Newman also strove to ensure that managers were aligned with HR business goals like recruiting and training and built management training based on principles from Radical Candor to achieve those goals. “Radical doesn’t mean that you have to be mean. It’s based on people knowing that you have their best interest in mind, and then you can tell them what you think,” she explains.
“The key was for the managers to feel that we understand their dilemmas, their challenges, and frustrations, and are trying to help them solve a problem. I’m not always neutral, I often take a stand, tell people what I think, what I would do to fix things. Due to the strong relationships I’ve created, I can now come to a manager and say ‘I expect more of you’. That can sound tough, but when they know that I understand where they want to be, what they want to accomplish, and there is trust, they can hear what I have to say.”
Realizing that it was often difficult for managers to be candid in performance reviews, she also relied heavily on Radical Candor when developing a company policy in that area.
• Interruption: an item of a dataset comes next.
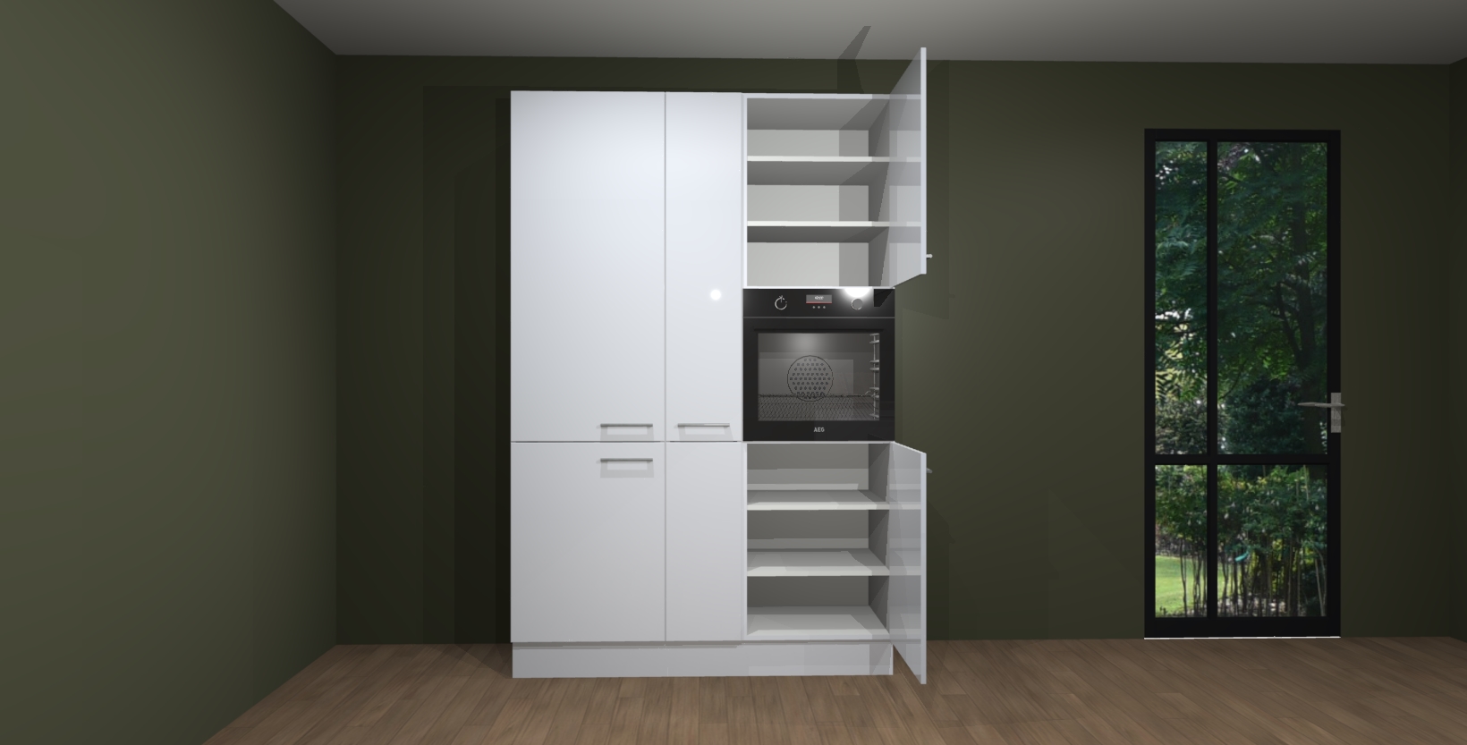 Met een modern, tijdloos design en ruime opslagruimte, zult u zich in no-time thuis voelen in uw nieuwe keuken. Uw leven wordt eenvoudiger met de soft-close deuren die voor het ultieme stille comfort zorgen - geen geluid dat u stoort terwijl u kookt. Ook is de keuken voorzien van 5 ingebouwde apparaten: een oven, inductie kookplaat, afzuigkap, vaatwasser en koelkast. Deze kunnen gemakkelijk na bestelling worden bijgewerkt naar AEG - waardoor uw luxe ervaring compleet is.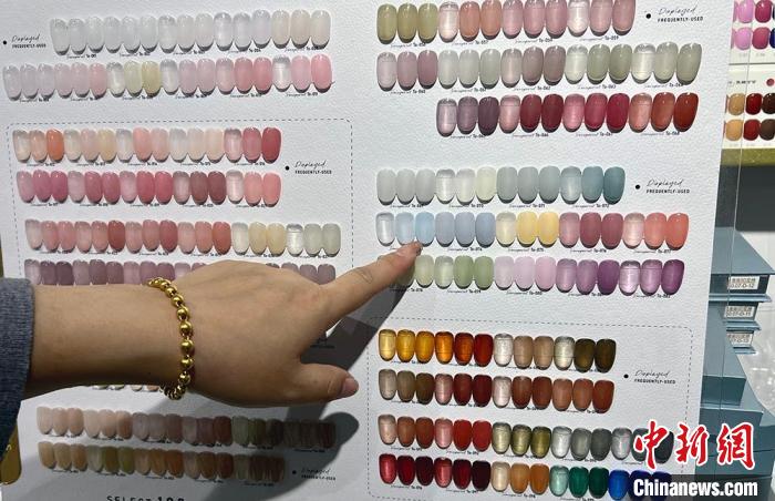 2月17日,在山東煙臺一家美甲店,顧客在選擇顏色。王嬌妮 攝

The company now conducts mandatory training twice a year before performance reviews to ensure that the meetings are productive. Managers are also asked to share their experiences, what worked, what didn’t, so others can learn from them. “We work on it a lot,” she says. “They have to learn how to give feedback, it’s like a muscle that you have to develop.”
The principle she drills into the managers is that it’s OK for employees to be upset after a review, but it’s not OK for them to be surprised. When managers understand how to give constructive feedback on a regular basis, they can work on growth. It isn’t always easy, especially among people who have good working relationships and have known each other for a long time. “It can be harder with someone you’ve known for five years, but if you need someone to do a better job, you have to say it. You have to say, ‘I need you to do this faster and better.”
Newman believes that in the long run, Radical Candor leads both to better results and better relationships. “Sometimes you know that you are not doing a good enough job, but if your manager says ‘Oh, it’s fine, it’s like it doesn’t matter. But if they say, ‘You need to do this and that, and I will guide you’, you feel like someone sees you and cares about what you’re doing, that your work matters. We see in employee surveys that it makes a real difference.”